Task item:
Beginning at the line that contains "Lekka dwuczęściowa piżama", repeat each line exactly through the last one of the records below, and leave out the pictures.

☆ ☆ ☆ ☆ ☆

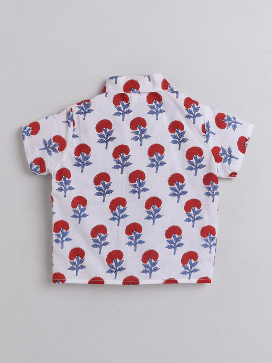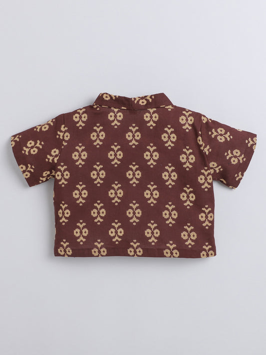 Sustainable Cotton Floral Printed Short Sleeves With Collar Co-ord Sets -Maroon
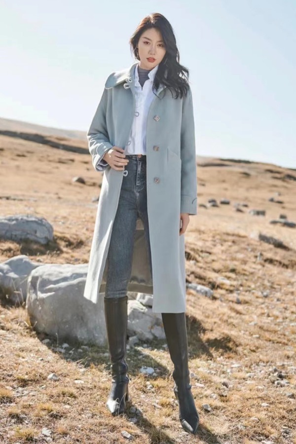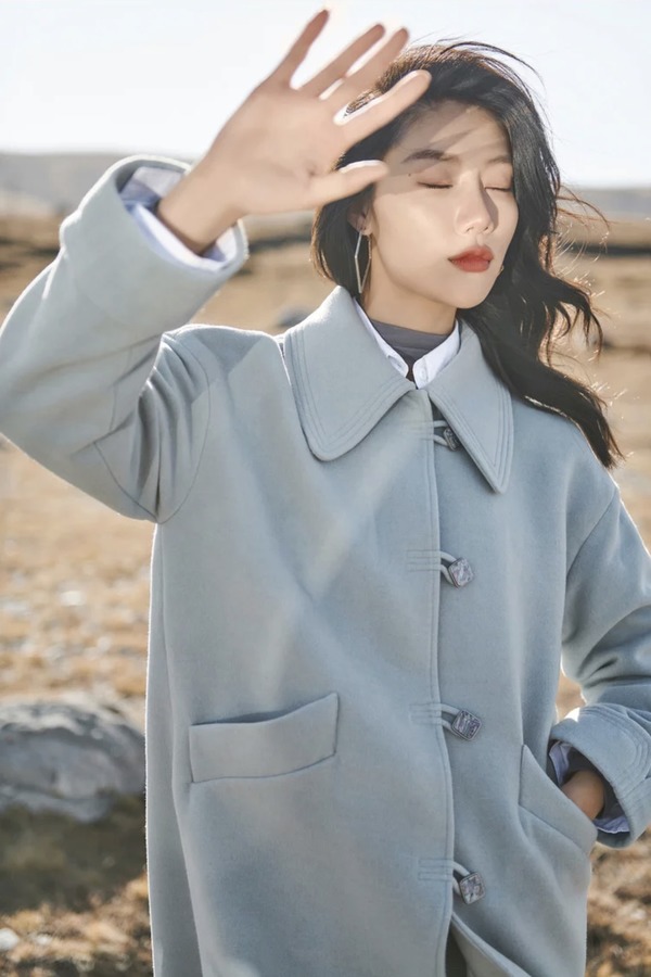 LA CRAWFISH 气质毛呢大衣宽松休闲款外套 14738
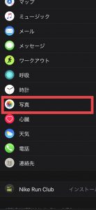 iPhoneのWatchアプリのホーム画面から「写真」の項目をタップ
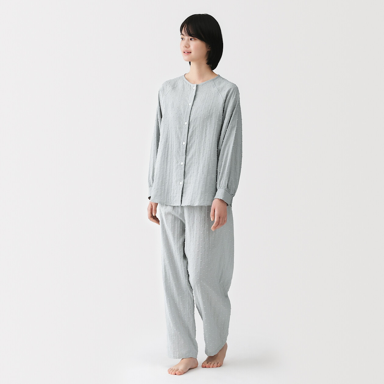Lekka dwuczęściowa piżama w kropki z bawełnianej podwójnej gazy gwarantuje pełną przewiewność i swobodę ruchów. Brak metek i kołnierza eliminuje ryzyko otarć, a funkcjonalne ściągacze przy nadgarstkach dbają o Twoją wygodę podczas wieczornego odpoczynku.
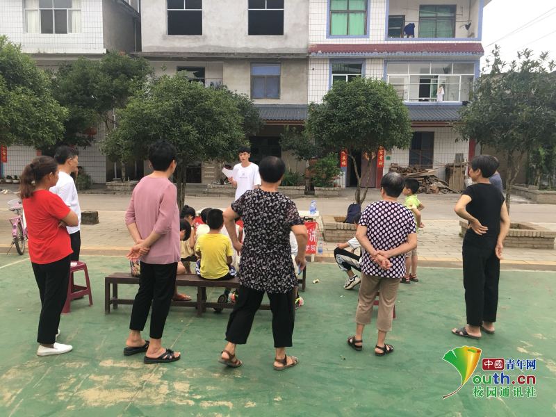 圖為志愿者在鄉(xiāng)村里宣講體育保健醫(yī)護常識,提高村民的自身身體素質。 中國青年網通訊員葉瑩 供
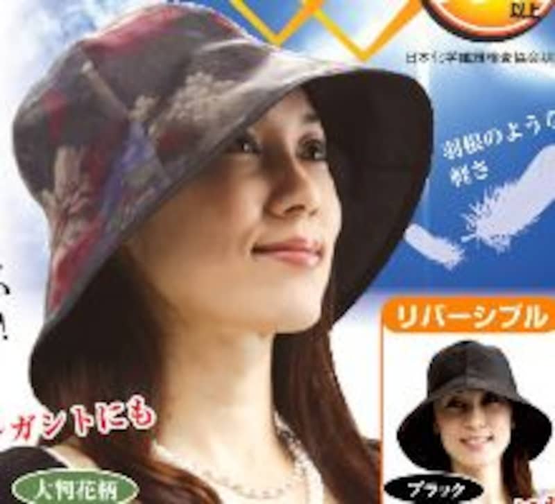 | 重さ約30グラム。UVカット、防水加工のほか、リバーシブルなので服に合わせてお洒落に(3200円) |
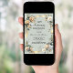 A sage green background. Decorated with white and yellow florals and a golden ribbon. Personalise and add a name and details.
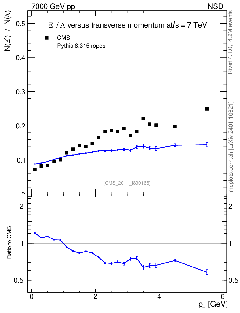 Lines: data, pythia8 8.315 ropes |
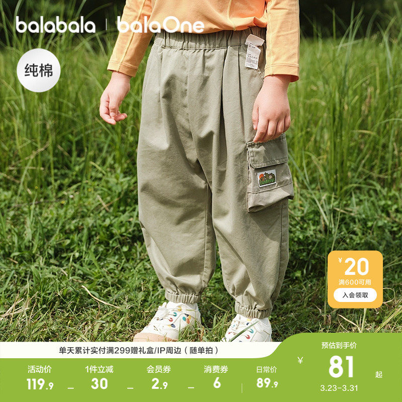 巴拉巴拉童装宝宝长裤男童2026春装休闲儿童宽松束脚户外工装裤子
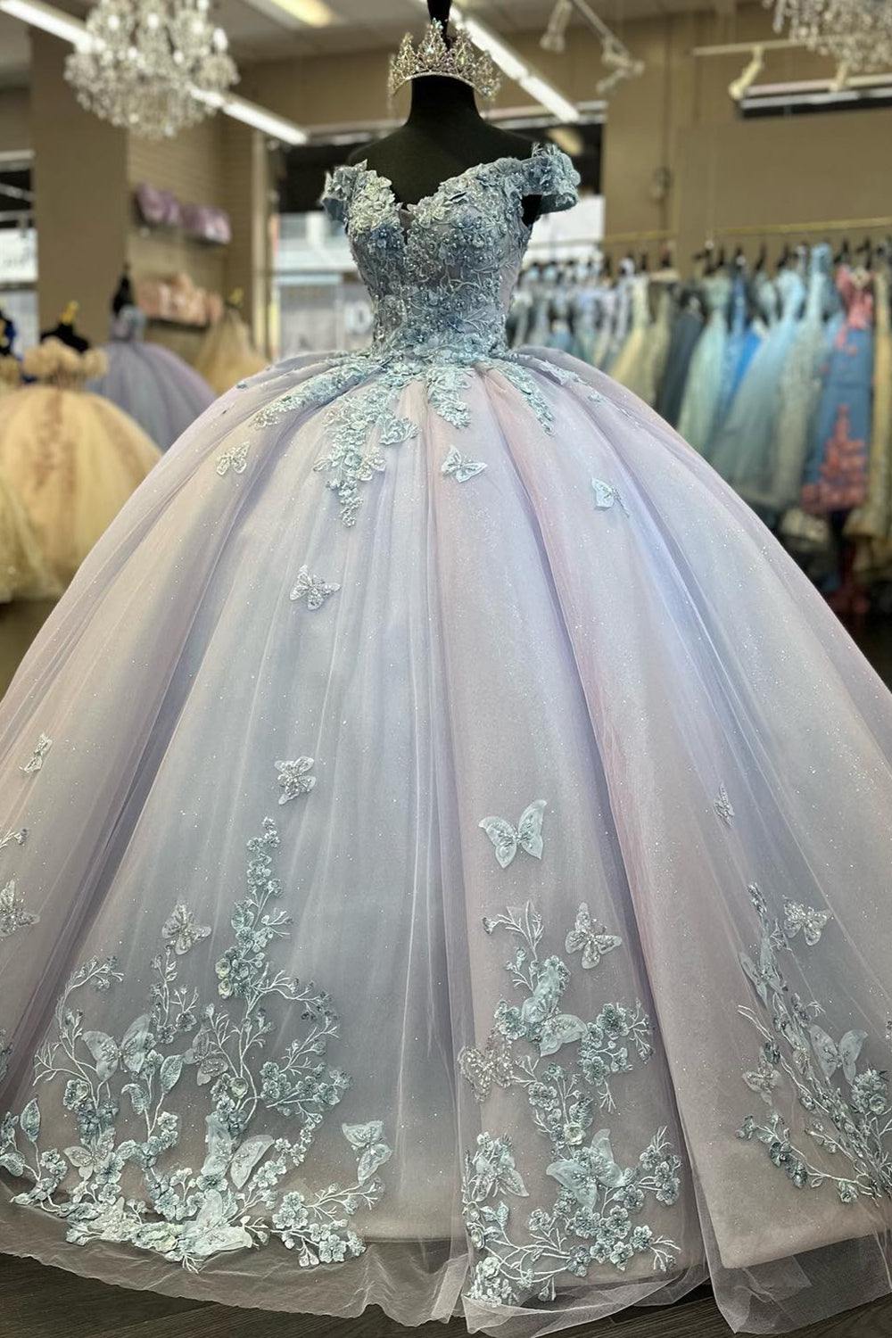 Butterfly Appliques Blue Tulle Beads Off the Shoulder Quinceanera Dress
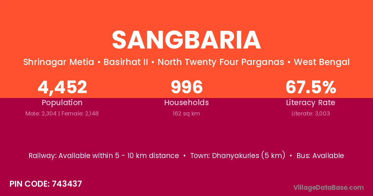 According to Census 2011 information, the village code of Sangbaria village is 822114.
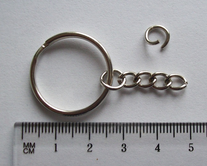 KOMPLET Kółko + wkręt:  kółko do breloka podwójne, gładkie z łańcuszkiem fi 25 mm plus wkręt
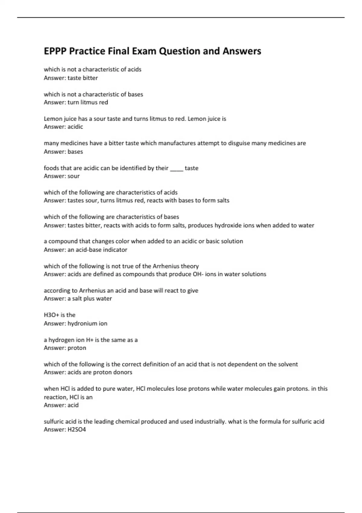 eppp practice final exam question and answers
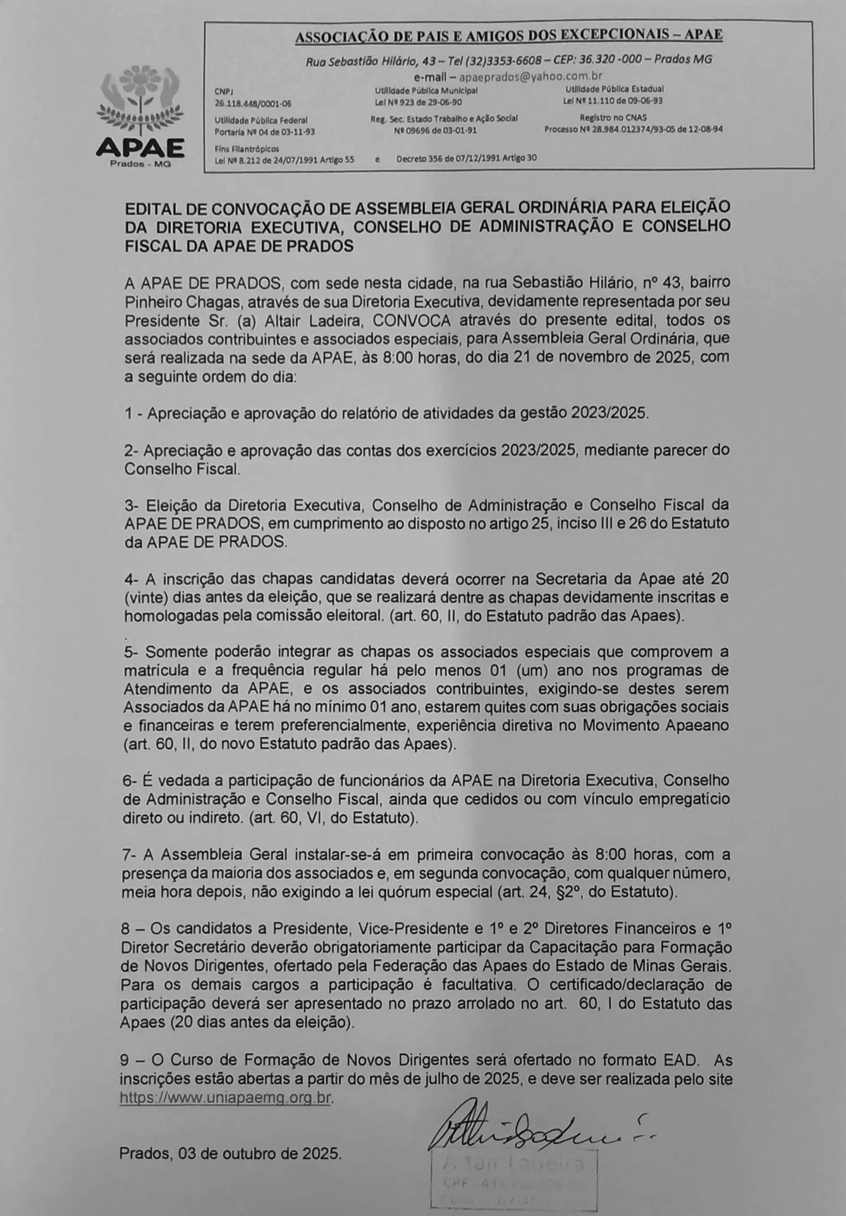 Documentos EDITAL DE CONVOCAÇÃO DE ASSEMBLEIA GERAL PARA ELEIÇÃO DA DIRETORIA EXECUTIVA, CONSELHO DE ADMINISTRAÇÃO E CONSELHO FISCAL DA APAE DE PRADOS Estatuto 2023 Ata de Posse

☆ ☆ ☆ ☆ ☆

Problem solution:
Lekka dwuczęściowa piżama w kropki z bawełnianej podwójnej gazy gwarantuje pełną przewiewność i swobodę ruchów. Brak metek i kołnierza eliminuje ryzyko otarć, a funkcjonalne ściągacze przy nadgarstkach dbają o Twoją wygodę podczas wieczornego odpoczynku.
 圖為志愿者在鄉(xiāng)村里宣講體育保健醫(yī)護常識,提高村民的自身身體素質。 中國青年網通訊員葉瑩 供
 | 重さ約30グラム。UVカット、防水加工のほか、リバーシブルなので服に合わせてお洒落に(3200円) |
 A sage green background. Decorated with white and yellow florals and a golden ribbon. Personalise and add a name and details.
 Lines: data, pythia8 8.315 ropes |
 巴拉巴拉童装宝宝长裤男童2026春装休闲儿童宽松束脚户外工装裤子
 Butterfly Appliques Blue Tulle Beads Off the Shoulder Quinceanera Dress
 According to Census 2011 information, the village code of Sangbaria village is 822114.
 KOMPLET Kółko + wkręt:  kółko do breloka podwójne, gładkie z łańcuszkiem fi 25 mm plus wkręt
 eppp practice final exam question and answers
 Documentos EDITAL DE CONVOCAÇÃO DE ASSEMBLEIA GERAL PARA ELEIÇÃO DA DIRETORIA EXECUTIVA, CONSELHO DE ADMINISTRAÇÃO E CONSELHO FISCAL DA APAE DE PRADOS Estatuto 2023 Ata de Posse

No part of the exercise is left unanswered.